## Task directions
Please write out all the data that follows exactly, without the pictures.

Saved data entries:
━━━━━━
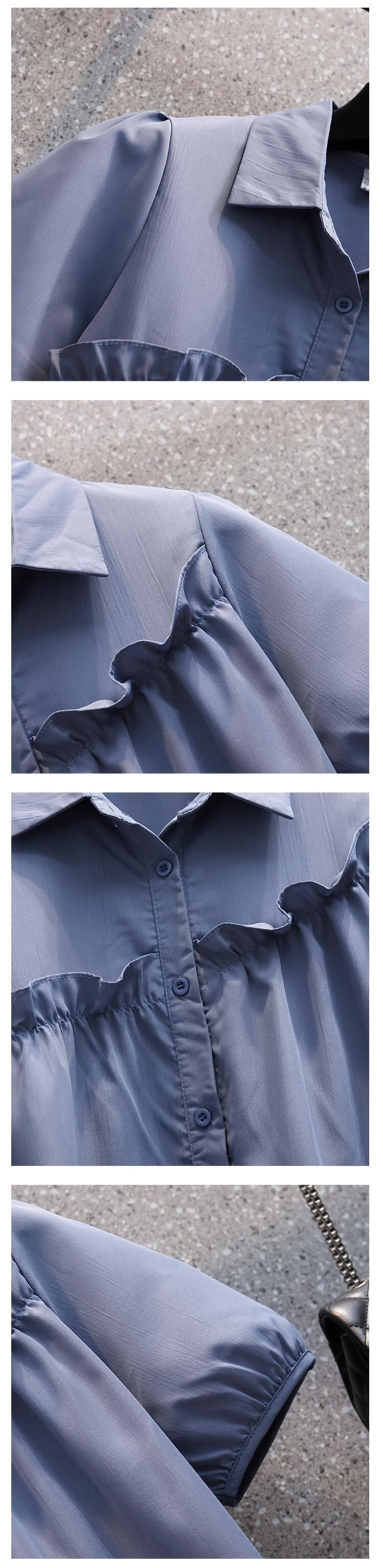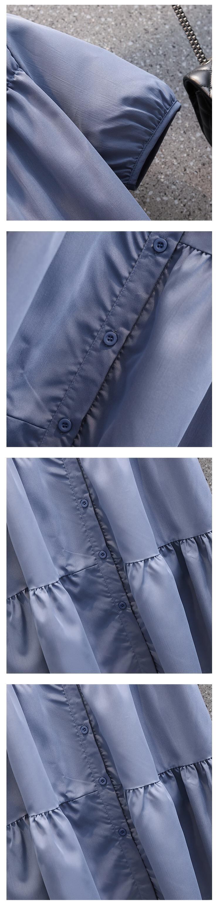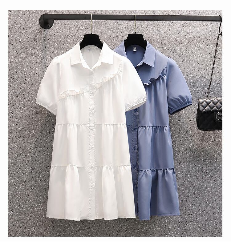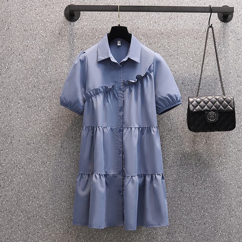 プラスサイズの婦人服 2023 夏の新しいファットシスターファッションオールマッチ気質パフスリーブ年齢を減らす無地ドレス 大きめサイズ サマー 夏物 ソリッドカラー 8884144717369257
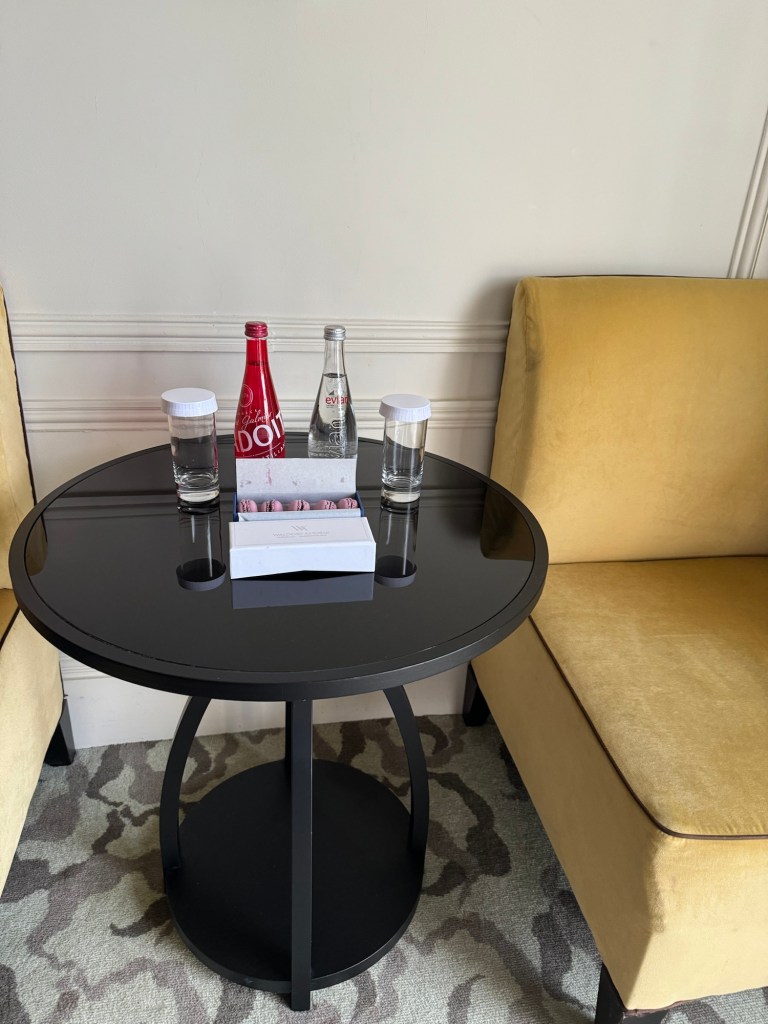 When we arrived they gave us coupons for complimentary cocktails at the Gordon Ramsay bar and there were Welcome Amenities of Macarons and Sparkling Water waiting in our room. We utilized my Hilton Aspire $200 Resort Credit for an amazing dinner experience at the hotel’s La Veranda Restaurant. After devouring all the courses and sharing a bottle of wine, our bill was only 5 Euros after the credit. We also enjoyed a delicious breakfast which was included with our stay. Think fresh croissants, scrambled eggs with herbs, sauteed button mushrooms, freshly squeezed orange juice, and so much more. Divine.
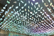 개장을 10일 남겨둔 인천공항 제2여객터미널에서 8일 오후 작업자들이 입국장에 한글자모를 이용한 조형미술작품을 설치하고 있다. /연합뉴스
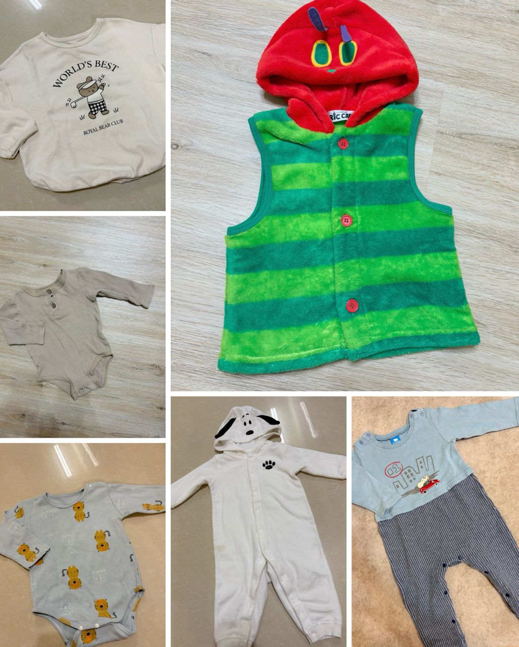 毛毛蟲背心、咖色包屁衣無污損
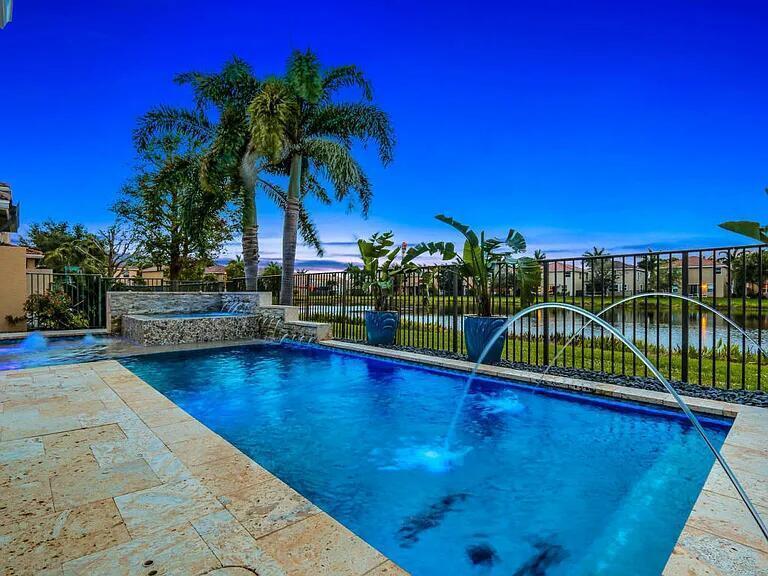 Welcome to 7942 Parsons Pine Dr in Boynton Beach, FL. Beautiful Opal model in the gated community of Greystone in Boynton Beach. Newly renovated kitchen with farmhouse sink, brushed gold hardware, green granite countertops. Renovated bathroom with stone counters, brand new glass shower door, and all new hardware and faucets in brushed gold. Travertine marble tiles downstairs and upstairs luxury vinyl plank flooring. Out back is a heated salt water pool and spa with full automation, fountains, jets, and laminar lights surrounded by Dominican Coral tile, overlooking a beautiful lake. Plantation shutters on the patio doors, Also 2-car air conditioned garage, 24 Hour manned gate, amenities include mini soccer field, basketball court, community pool, volleyball, tennis court, and more.
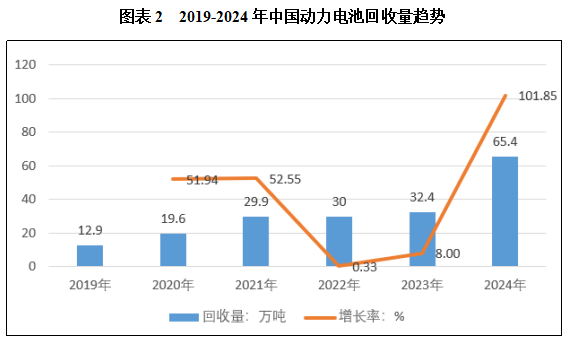随着动力电池的集中退役,中国动力电池回收行业开始进入发展期。数据显示,2019年至2022年,中国动力电池实际回收量由12.9万吨上涨至30万吨,2023年达到32.4万吨。2024年动力电池实际回收量为65.4万吨。
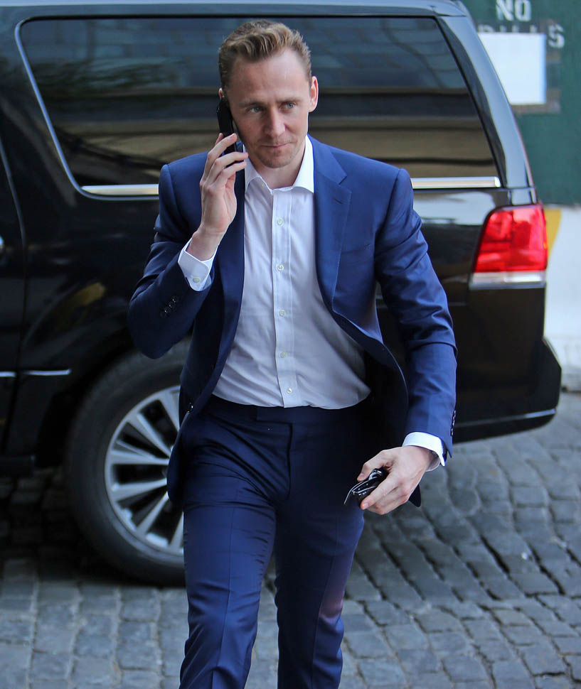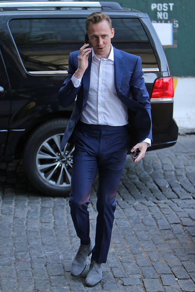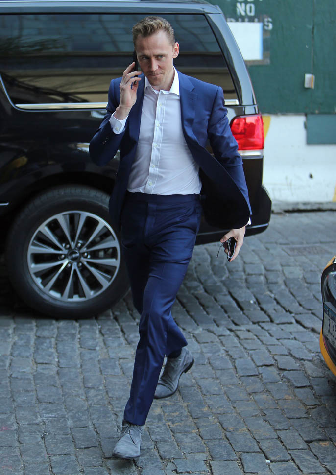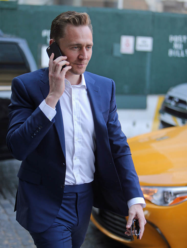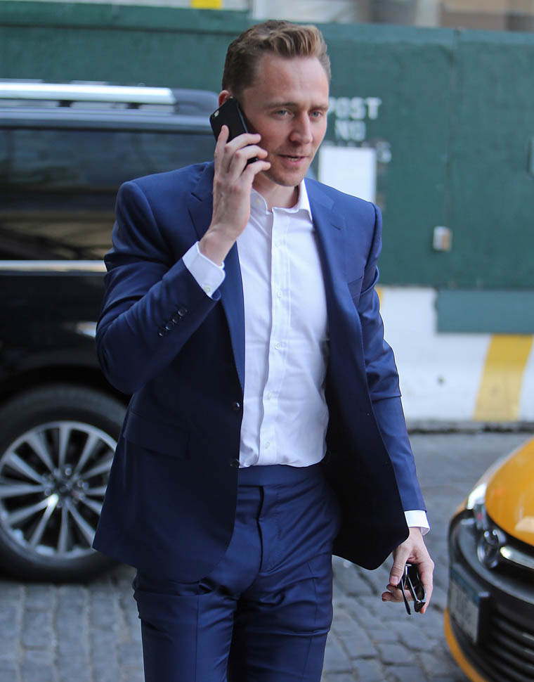 Attached - Tom Hiddleston out in New York yesterday.
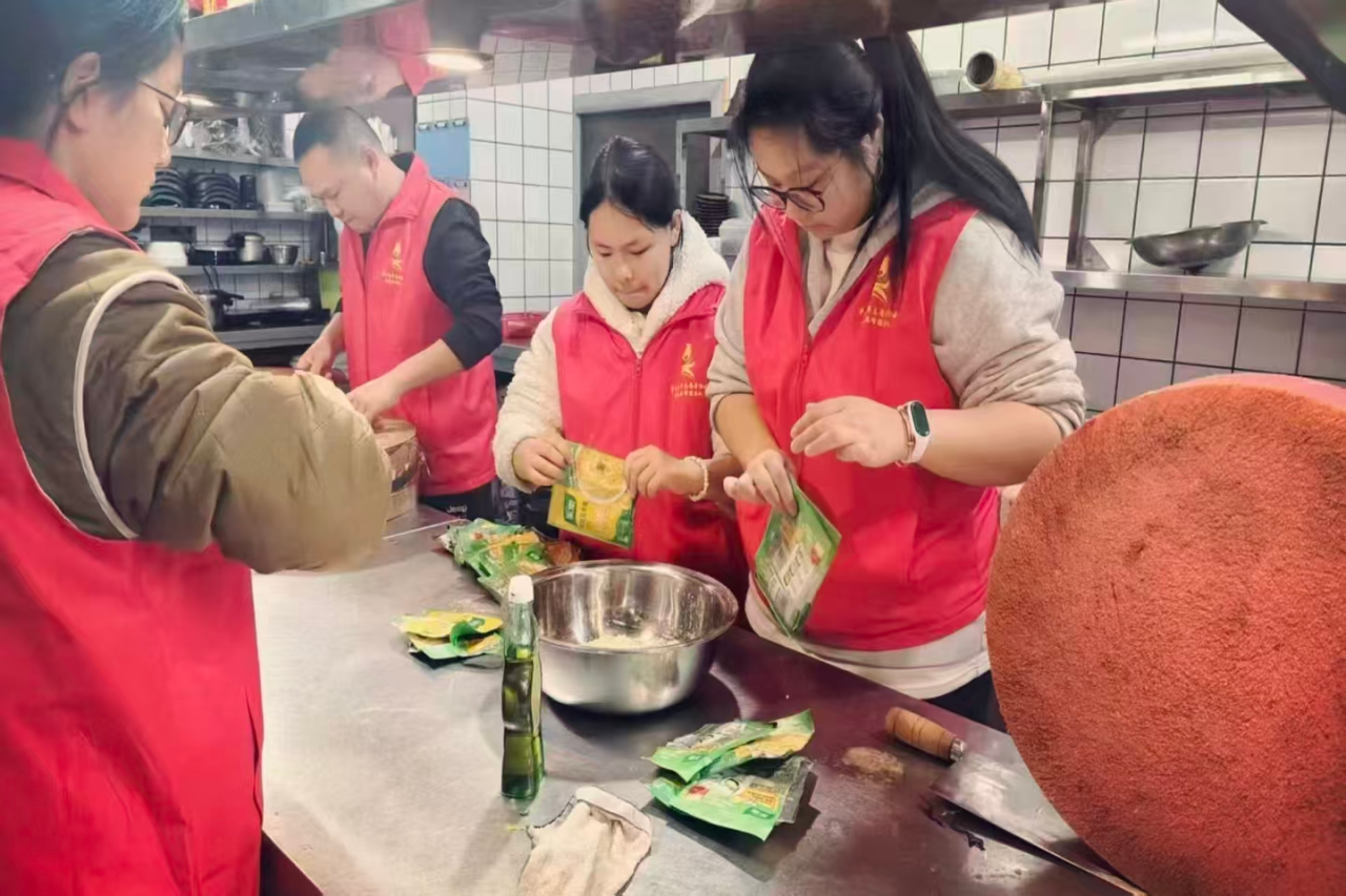 早餐准备完毕后,志愿者们排成长队,亲手将热气腾腾的早餐递到前来驿站的爷爷奶奶手中,轻声问候、耐心叮嘱,还主动搀扶行动不便的老人,护送他们安全过马路,用细致的举动传递温暖。
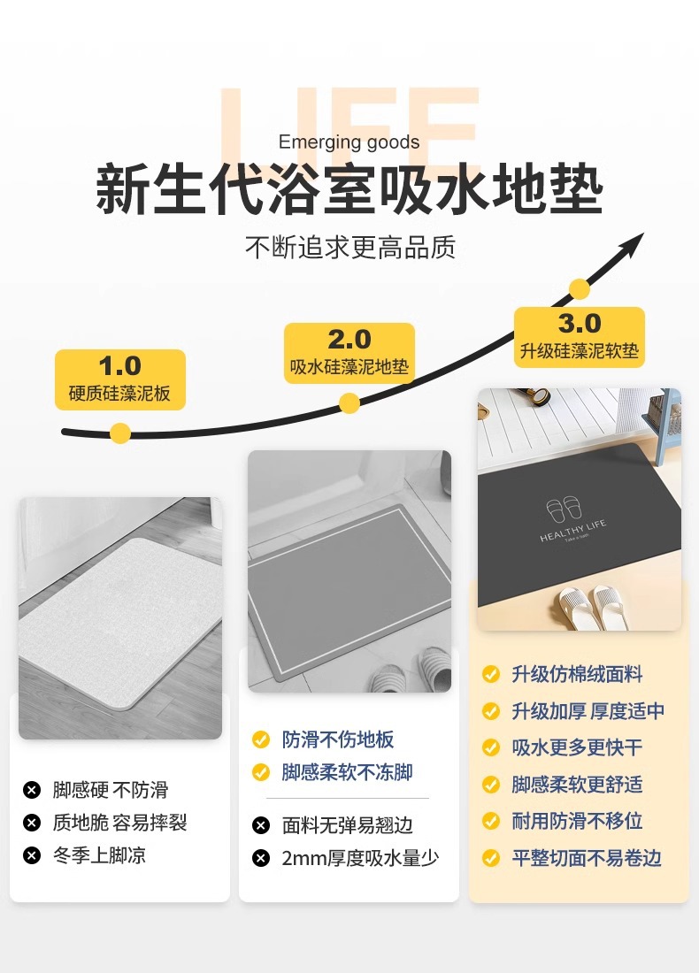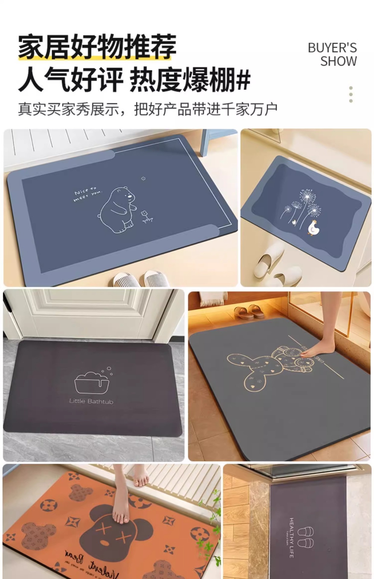 Diatom 진흙 흡수성 매트 진입 문 고급 미끄럼 방지 빠른 건조 발 매트 화장실 바닥 매트 주방 흡수성 미끄럼 방지 매트스토어 가기
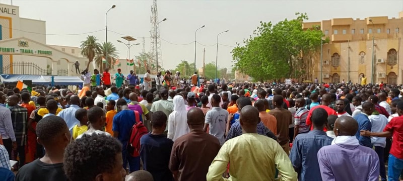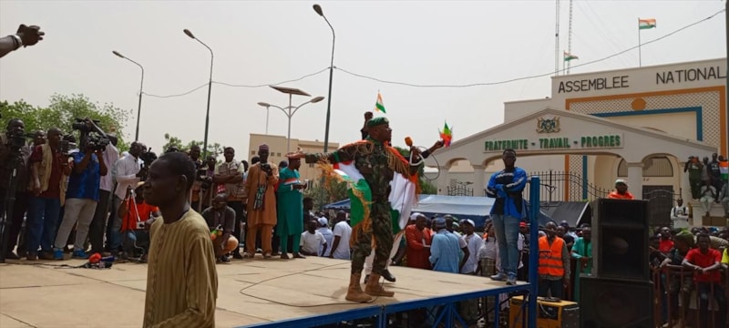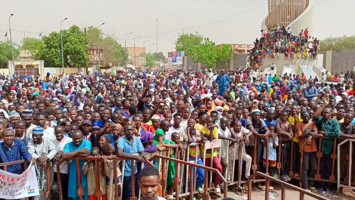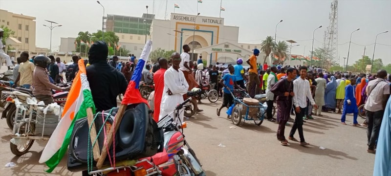 Ulusal Meclis binası önünde toplanan Nijerliler, ABD Savunma Bakanlığı'na bağlı askeri ve sivil personelin ülkede görev yapmasına izin veren askeri anlaşmanın yürürlükten kaldırılması için gösteri düzenledi.
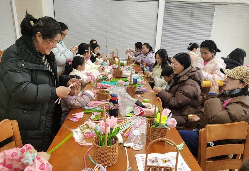 进入实操环节,妈妈们纷纷化身“手工达人”。彩色的扭扭棒在指尖灵活穿梭,一扭一捏、一卷一折,一朵朵娇艳欲滴的郁金香渐次绽放。孩子们则在一旁当起得力助手,有的帮忙递送材料,有的认真研究配色,有的负责为妈妈的作品“点赞”。
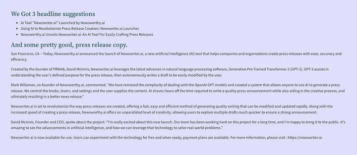 Let’s look at an example using Newsworthy.ai's AI press release writing tool, NewswriterAI — the first GPT-3 OpenAI powered generative AI press release writing tool introduced in February 2023.
━━━━━━
## Expected answer
 プラスサイズの婦人服 2023 夏の新しいファットシスターファッションオールマッチ気質パフスリーブ年齢を減らす無地ドレス 大きめサイズ サマー 夏物 ソリッドカラー 8884144717369257
 When we arrived they gave us coupons for complimentary cocktails at the Gordon Ramsay bar and there were Welcome Amenities of Macarons and Sparkling Water waiting in our room. We utilized my Hilton Aspire $200 Resort Credit for an amazing dinner experience at the hotel’s La Veranda Restaurant. After devouring all the courses and sharing a bottle of wine, our bill was only 5 Euros after the credit. We also enjoyed a delicious breakfast which was included with our stay. Think fresh croissants, scrambled eggs with herbs, sauteed button mushrooms, freshly squeezed orange juice, and so much more. Divine.
 개장을 10일 남겨둔 인천공항 제2여객터미널에서 8일 오후 작업자들이 입국장에 한글자모를 이용한 조형미술작품을 설치하고 있다. /연합뉴스
 毛毛蟲背心、咖色包屁衣無污損
 Welcome to 7942 Parsons Pine Dr in Boynton Beach, FL. Beautiful Opal model in the gated community of Greystone in Boynton Beach. Newly renovated kitchen with farmhouse sink, brushed gold hardware, green granite countertops. Renovated bathroom with stone counters, brand new glass shower door, and all new hardware and faucets in brushed gold. Travertine marble tiles downstairs and upstairs luxury vinyl plank flooring. Out back is a heated salt water pool and spa with full automation, fountains, jets, and laminar lights surrounded by Dominican Coral tile, overlooking a beautiful lake. Plantation shutters on the patio doors, Also 2-car air conditioned garage, 24 Hour manned gate, amenities include mini soccer field, basketball court, community pool, volleyball, tennis court, and more.
随着动力电池的集中退役,中国动力电池回收行业开始进入发展期。数据显示,2019年至2022年,中国动力电池实际回收量由12.9万吨上涨至30万吨,2023年达到32.4万吨。2024年动力电池实际回收量为65.4万吨。
 Attached - Tom Hiddleston out in New York yesterday.
 早餐准备完毕后,志愿者们排成长队,亲手将热气腾腾的早餐递到前来驿站的爷爷奶奶手中,轻声问候、耐心叮嘱,还主动搀扶行动不便的老人,护送他们安全过马路,用细致的举动传递温暖。
 Diatom 진흙 흡수성 매트 진입 문 고급 미끄럼 방지 빠른 건조 발 매트 화장실 바닥 매트 주방 흡수성 미끄럼 방지 매트스토어 가기
 Ulusal Meclis binası önünde toplanan Nijerliler, ABD Savunma Bakanlığı'na bağlı askeri ve sivil personelin ülkede görev yapmasına izin veren askeri anlaşmanın yürürlükten kaldırılması için gösteri düzenledi.
 进入实操环节,妈妈们纷纷化身“手工达人”。彩色的扭扭棒在指尖灵活穿梭,一扭一捏、一卷一折,一朵朵娇艳欲滴的郁金香渐次绽放。孩子们则在一旁当起得力助手,有的帮忙递送材料,有的认真研究配色,有的负责为妈妈的作品“点赞”。
 Let’s look at an example using Newsworthy.ai's AI press release writing tool, NewswriterAI — the first GPT-3 OpenAI powered generative AI press release writing tool introduced in February 2023.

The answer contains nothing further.